§ **To do**: Retype word for word the stretch of entries below from the line that has "Programda, Kur’an-ı Kerim" through the line that has "Милая демисезонная обувь", and omit the pictures.

§ **Records supplied**:
───
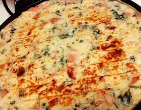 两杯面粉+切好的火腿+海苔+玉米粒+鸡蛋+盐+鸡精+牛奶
───
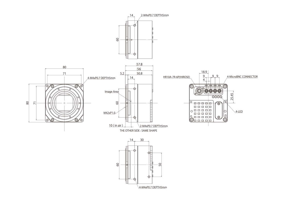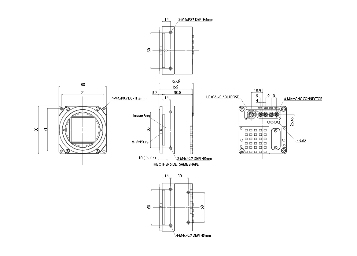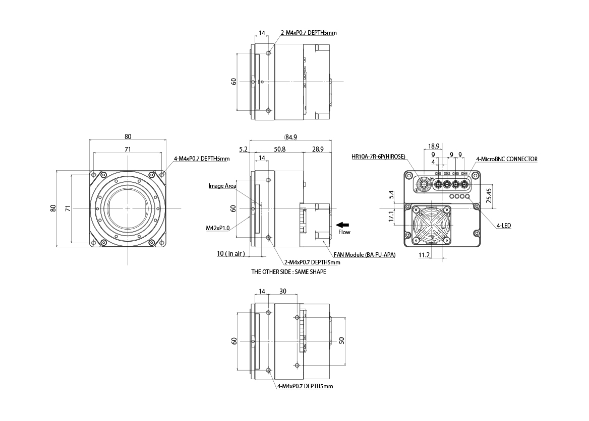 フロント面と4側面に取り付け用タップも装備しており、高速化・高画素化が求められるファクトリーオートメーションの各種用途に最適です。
───
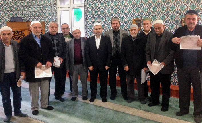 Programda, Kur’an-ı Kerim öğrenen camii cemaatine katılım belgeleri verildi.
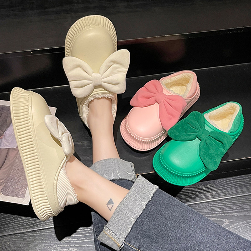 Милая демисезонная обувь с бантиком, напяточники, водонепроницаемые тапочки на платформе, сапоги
───
§ **Result of this task**:
 Programda, Kur’an-ı Kerim öğrenen camii cemaatine katılım belgeleri verildi.
 Милая демисезонная обувь с бантиком, напяточники, водонепроницаемые тапочки на платформе, сапоги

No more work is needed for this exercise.